Science & Technology

RASP: A Novel Therapeutic Target

In response to stimuli such as infection, injury, chemicals, and heat. Reactive Aldehyde Species (RASP) are generated through different metabolic processes that include alcohol oxidation, lipid oxidation (enzymatic and non-enzymatic), and certain metabolic pathways involving polyamines and sphingosine. RASP molecules play a crucial role in inflammation signaling by binding covalently to sulfur- and nitrogen-containing residues on proteins, including receptors and enzymes. RASP binding affects the function of proteins, triggering the activation of inflammatory factors within cells, including NF-κB and inflammasomes, which are vital in the inflammatory response.

Moreover, RASP-protein adducts also bind to Scavenger Receptor A, initiating pro-inflammatory signaling and contributing to the formation of antibodies against the modified proteins, a mechanism that partly explains the presence of host-directed antibodies seen in autoimmune conditions such as rheumatoid arthritis. Elevated levels of RASP are typically observed in ocular and systemic inflammatory diseases, which are the focus of our RASP modulator pipeline. Additionally, RASP are linked to metabolic and neurodegenerative disorders and, besides promoting inflammation, can lead to DNA damage, metabolic aggregate accumulation, and other pathological consequences.

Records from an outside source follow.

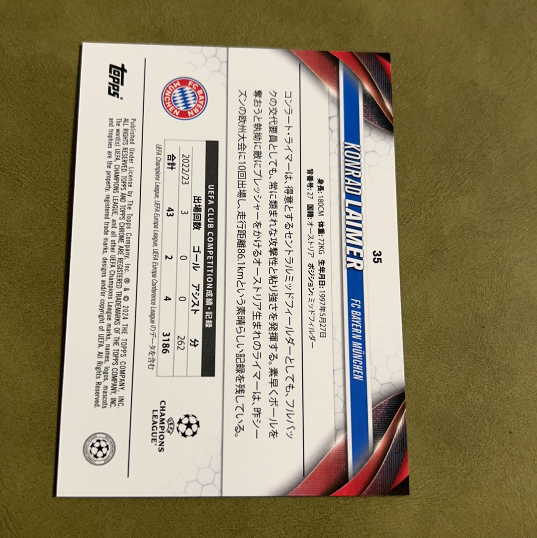 2023-24 Topps UEFA Champions League Konrad Laimer 莱默 德国 拜仁 拜仁慕尼黑 樱花 蓝折 23/75编 收藏必备 凑套必备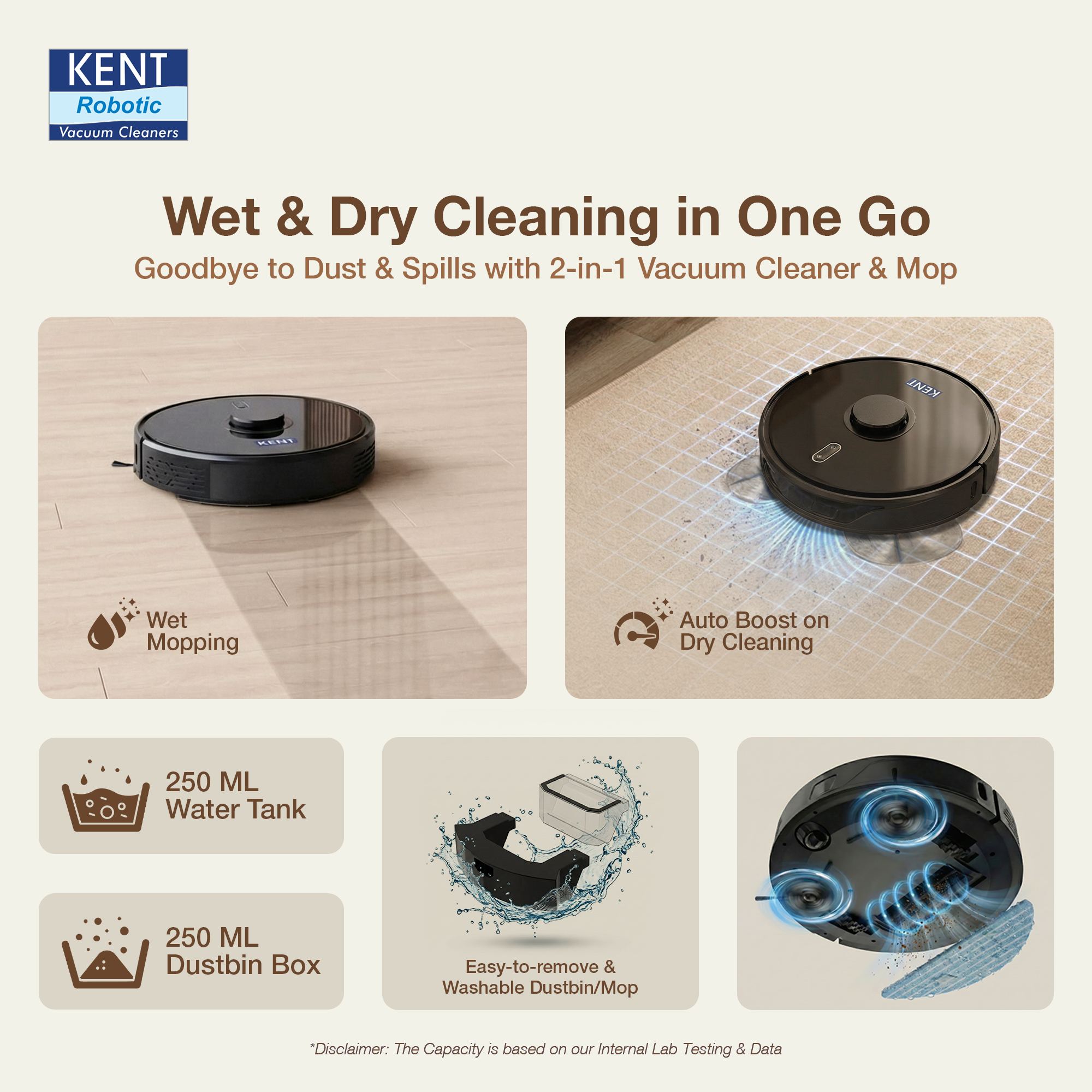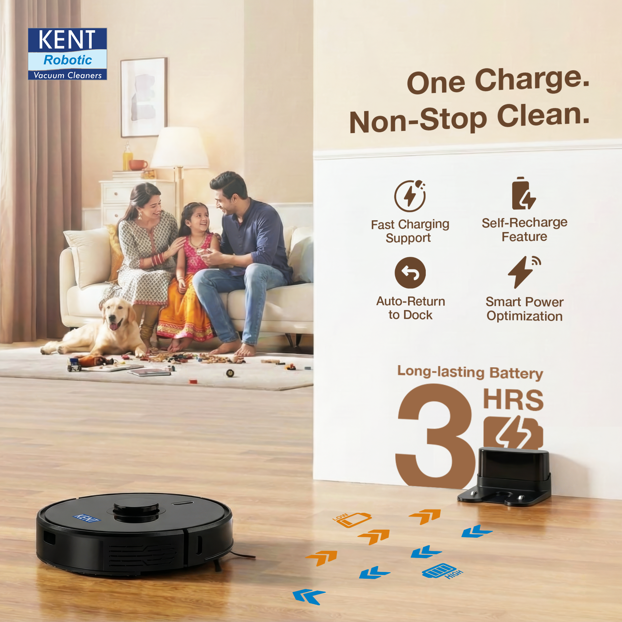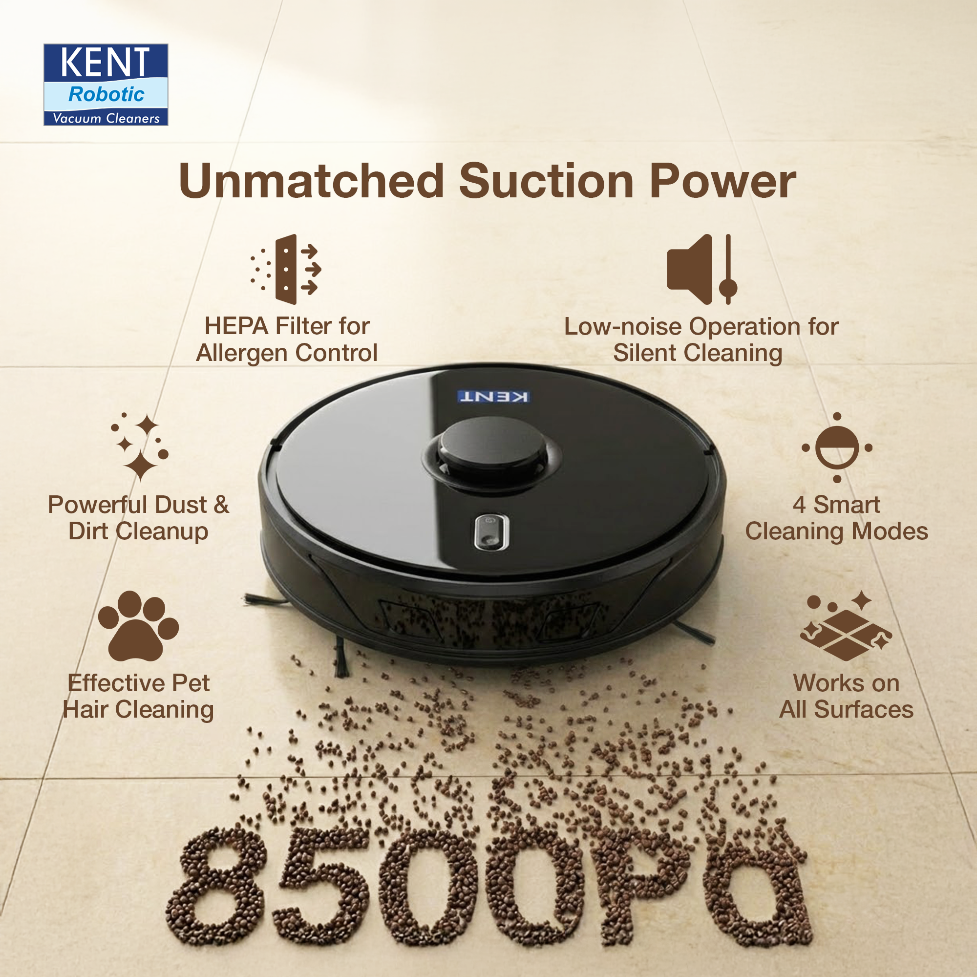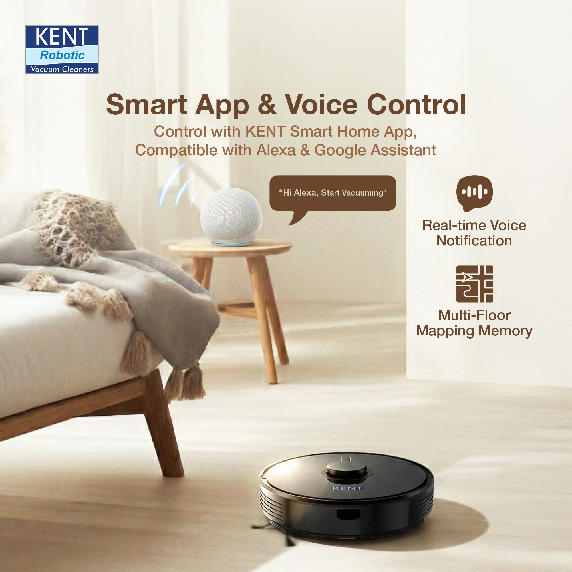 - Smart App & Voice Control- Control every cleaning detail remotely with the KENT Smart Home app - schedule, track, customise, and adjust settings with ease. Plus, enjoy hands-free convenience with seamless voice control.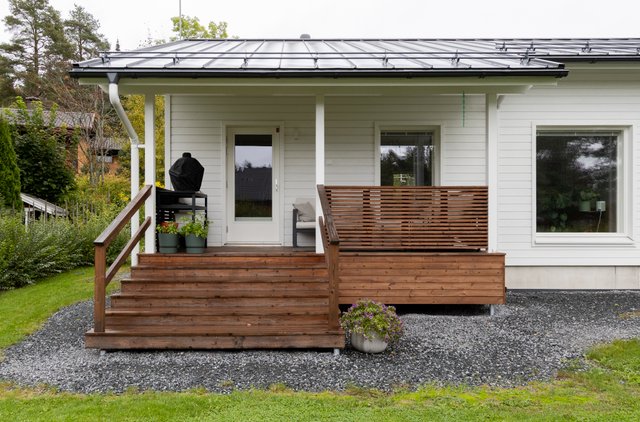 Poistoilmalämpöpumppu ja vesikiertoinen lattialämmitys pitävät kodin lämpimänä ja energiatehokkaana. Lisäksi talossa on varaus takalle ja ilmalämpöpumpulle.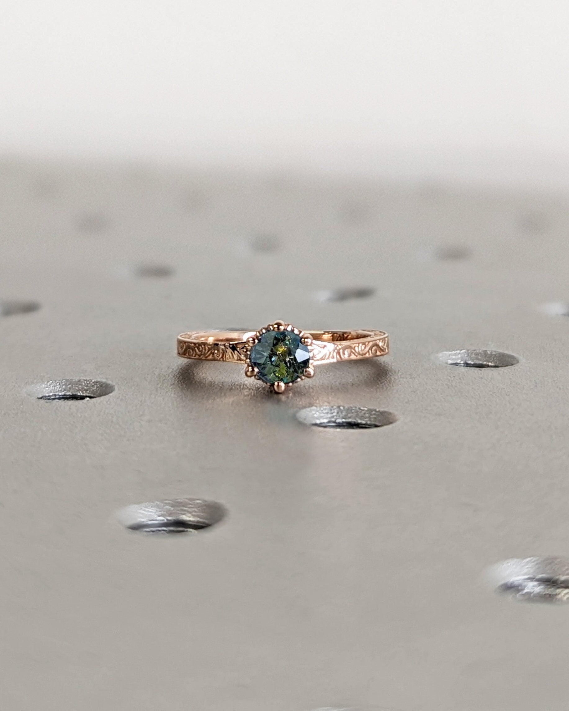 14k Rose Gold Blue Green Sapphire Round cut Solitaire Ring: With Hidden Halo and Hand Engrave Filigree Band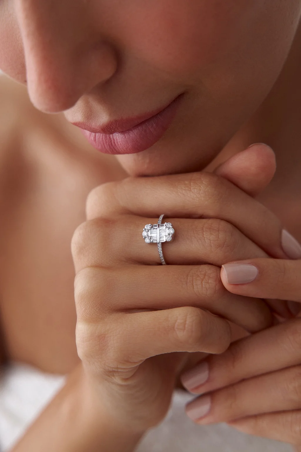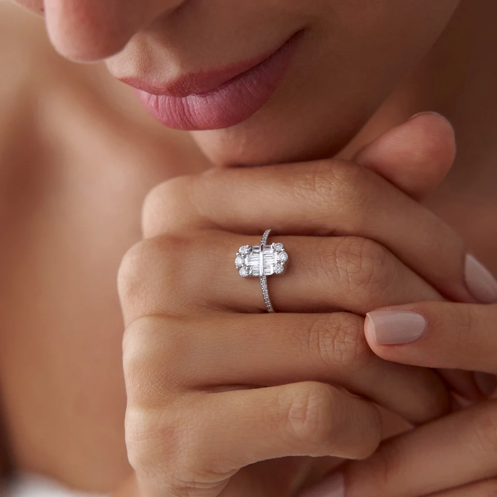 Baget ve round pırlantalar bu modern yüzüğü oluşturuyor. Minimalist şıklık ve zarafetin mükemmel kombinasyonu.

Due to the inherent toxicity of RASP, most living organisms possess enzymes such as aldehyde reductases and aldehyde dehydrogenases that convert RASP into harmless compounds. Genetic mutations affecting these RASP-metabolizing enzymes can result in diseases such as Sjögren-Larsson Syndrome, where mutations in fatty aldehyde dehydrogenase lead to skin, neurological, and retinal issues.

Aside from increasing inflammation, high levels of RASP do not have a widely accepted biological function. Although some physiological molecules have RASP forms (e.g., retinaldehyde, pyridoxal, and pyridoxal phosphate), the activity of such molecules is tightly regulated by chaperone proteins, preventing reaction with other molecules, including our drug candidates. Clinical trials with our RASP modulators, such as reproxalap (administered as an ophthalmic solution) and ADX-629 (administered orally), have demonstrated an acceptable tolerability profile without serious adverse events. The Clinical results support the potential safety and efficacy of pharmacotherapeutic RASP modulation without adversely affecting normal physiological functions.